Joe Simmons writes:
I asked MTurk NFL fans to consider an NFL game in which the favorite was expected to beat the underdog by 7 points in a full-length game. I elicited their beliefs about sample size in a few different ways (materials .pdf; data .xls).
Some were asked to give the probability that the better team would be winning, losing, or tied after 1, 2, 3, and 4 quarters. If you look at the average win probabilities, their judgments look smart.
But this graph is super misleading, because the fact that the average prediction is wise masks the fact that the average person is not. Of the 204 participants sampled, only 26% assigned the favorite a higher probability to win at 4 quarters than at 3 quarters than at 2 quarters than at 1 quarter. About 42% erroneously said, at least once, that the favorite’s chances of winning would be greater for a shorter game than for a longer game.
How good people are at this depends on how you ask the question, but no matter how you ask it they are not very good.
The explicit warning, “This Graph is Super Misleading,” is a great idea.
But don’t stop there! You can do better. The next step is to follow it up with a spaghetti plot showing people’s estimates. If you click through the links, you see there are about 200 respondents, and 200 is a lot to show in a spaghetti plot, but you could handle this by breaking up the people into a bunch of categories (for example, based on age, sex, and football knowledge) thus allowing a grid of smaller graphs, each of which wouldn’t have too many lines.

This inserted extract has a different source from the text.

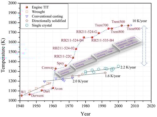 Evolution of the TIT of Rolls-Royce’s civil aero-engines, the maximum allowable temperature of nickel-base superalloys, and the thermal protection techniques. Data collected from [9,10,11].
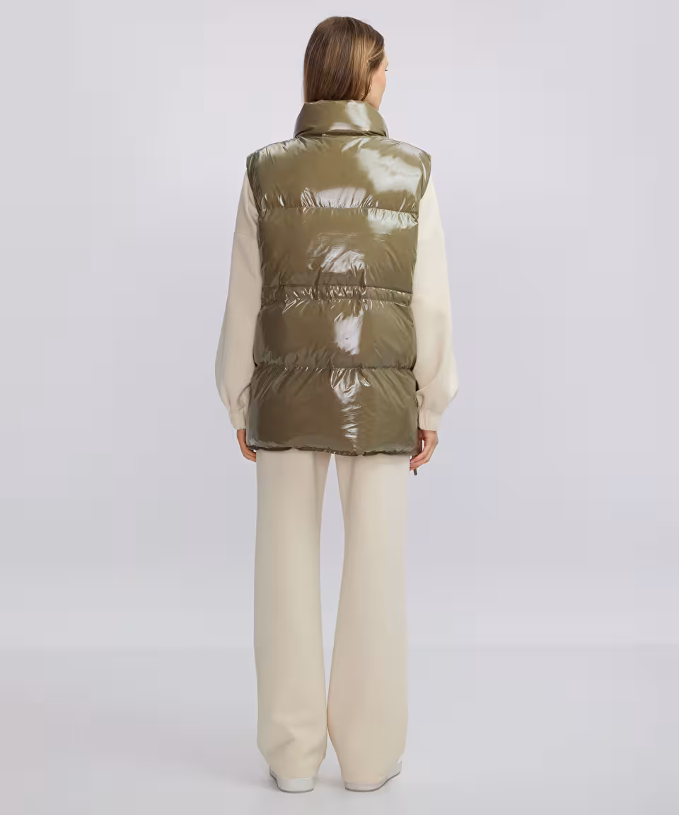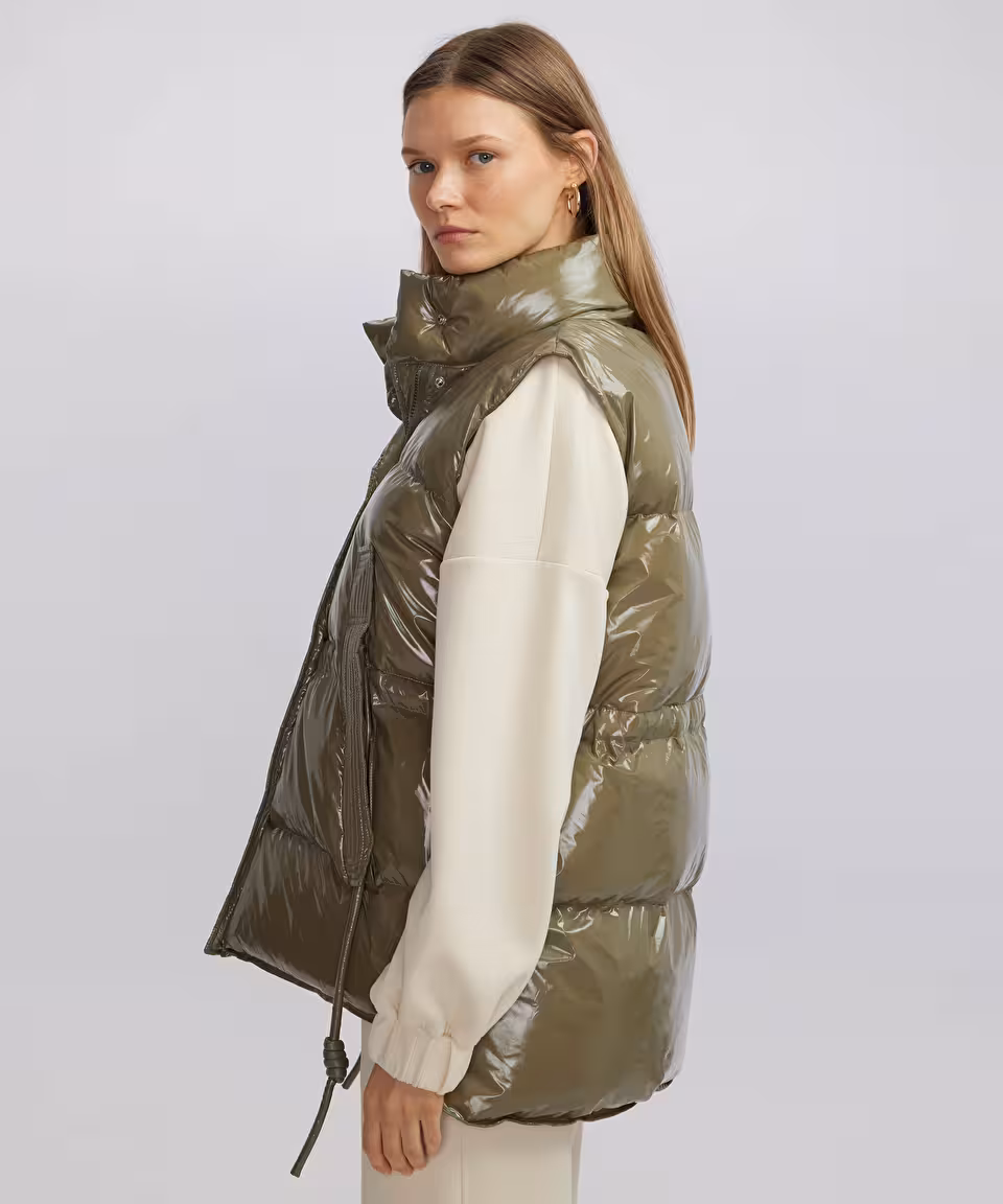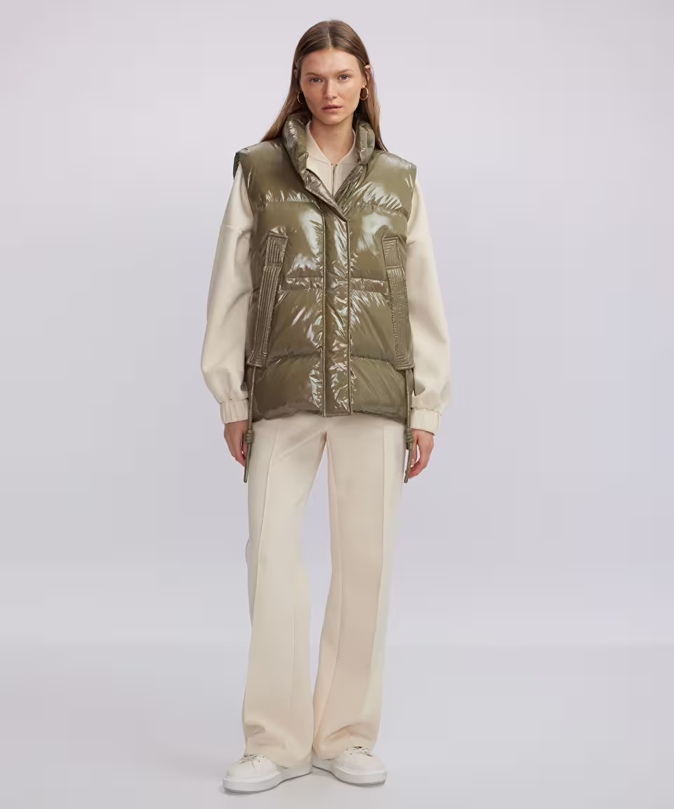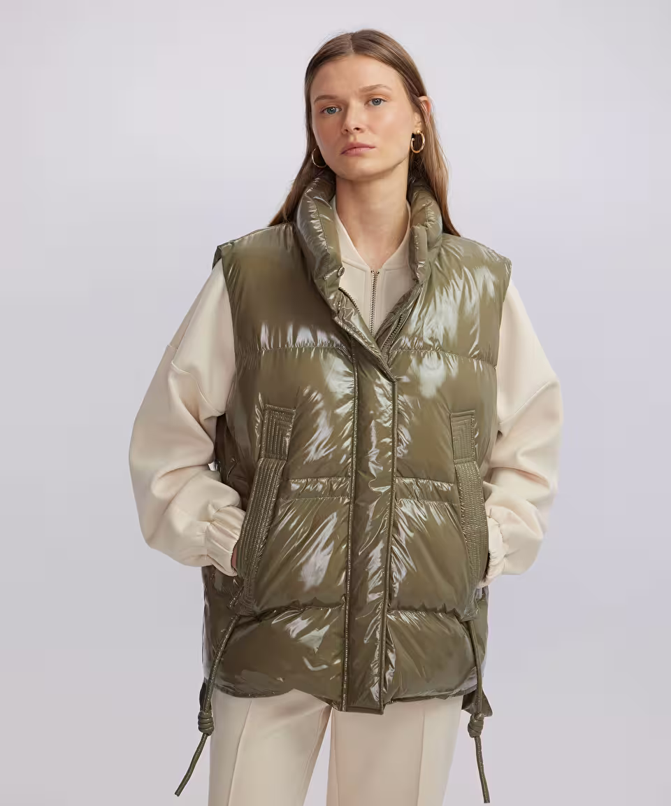Sportif görünümlerin başrol oyuncu şişme yelekleri radarınıza alın. Fermuar ve çıtçıt kapaması yelek, asimetrik etek ucu ile detaylanıyor.

P.S. Jeff Leek points out that sometimes a spaghetti plot won’t work so well because there are too many lines to plot and all you get is a mess (sort of like the above plate-o-spag image, in fact). He suggests the so-called lasagna plot, which is a sort of heat map, and which seems to have some similarities to Solomon Hsiang’s “watercolor” uncertainty display.
A heat map could be a good idea but let me also remind everyone that there are some solutions to overplotting of the lines in a spaghetti plot, some ways to keep the spaghetti structure while losing some of the messiness. Here are some strategies, in increasing order of complexity:
1. Simply plot narrower lines. Graphics devices have improved, and thin lines can work well.
2. Just plot a random sample of the lines. If you have 100 patients in your study, just plot 20 lines, say.
3. Small multiples: for example, a 2×4 grid broken down by male/female and 4 age categories. Within each sub-plot you don’t have so many lines so less of a problem with overplotting.